ラバトは政治的外交的な都市、カサブランカは経済都市。この環境の違いもあり、
ラバトのコロニアル様式はカサブランカとは一味も二味も違うのは当然だ。
例えば、下の写真はモロッコ銀行(BANK AL MAGHIB)で、日本では日本銀行に
相当する中央銀行。ラバトのメイン通りにある立派な建物。立地は駅前大通りに
面している。駅からメディナに向かって歩くと右側にある。建物の入口を砂岩で
デザインし、その周りの外壁を漆喰でしあげてある。建物全体は連続性のある空間だ。
一階の回廊部分はだれもが通行できる開放的な空間になっている。
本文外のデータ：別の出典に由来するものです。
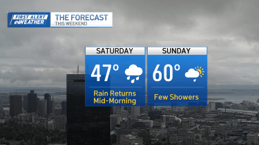 Sunday isn’t much better, but it is warmer…by a smidge. We sneak into the milder air for a few hours around midday. There will still be a few passing showers, with a trend toward drying in the afternoon. Temperatures will fall back through the 40s and 50s as some rays of sun poke out late.

正面ファサードの
上部には流線型のアラベスク模様が細かく彫り込んである。庇部分は木製で大きく
跳ねだしている。なかなか威厳のある作りだ。
下の写真はラバトの電電公社。今の日本ではNTTと日本郵政の合弁に相当する。
モロッコ銀行の反対側になるこの建物は風貌がモロッコ銀行と同じだ。中央部分は
砂岩で白いところは漆喰になっている。一階の回廊は銀行と違いアーチになっており、
建物の柔らかさを感じる。庇の屋根はモロッコ瓦を使用し、モロッコらしさを感じる。
建物全体が統一感がある。一階のアーチの回廊、二階が四角い窓に砂岩の枠、三階が
細かいアーチを連続させている。これほどまでの建物はカサブランカでもなかった。
今でも内部は入れるので空間を見に行くのもいいかも。かつて、携帯電話が出回る
前はここはかなりの人でごった返していた。
この上の写真の二つの様式はモロッコの様式合わせてフランス人がうまいこと調合した
建物であり、モニュメントとしての砂岩、漆喰をもちいたファサードの作り方、
この時代のフランス人建築家のすばらしさがある。正当化するわけではないが、
この手法は日本の植民地政策でも一部分あった。
モロッコの夏の暑い日にこれらの建物の回廊部分を歩くのは涼しい。何とも時代を
感じてモロッコの面白さを体感できる空間となっている。
下に4枚のコロニアル様式の建物を取り上げてみた。カサブランカから比べると
コロニアル様式が広がっている面積はラバトは半分以下だ。しかし、カサブランカの
ファサードに比べると何となくゆったりした感じの違いがある。
一階回廊の作り方だろうか! 窓の解放感だろうか! 庇の違いだろうか!
バルコニーの違いだろうか! カサブランカとは違う!
右下に写真のように回廊歩道の天井にモロッコ様式の漆喰を施してある。個人の店の
前ではあるが、天井とはいえ公共空間だ。
カサブランカでは見なくなったがここラバトにはまだ残っている。
ラバトのコロニアル様式も見どころの一つである。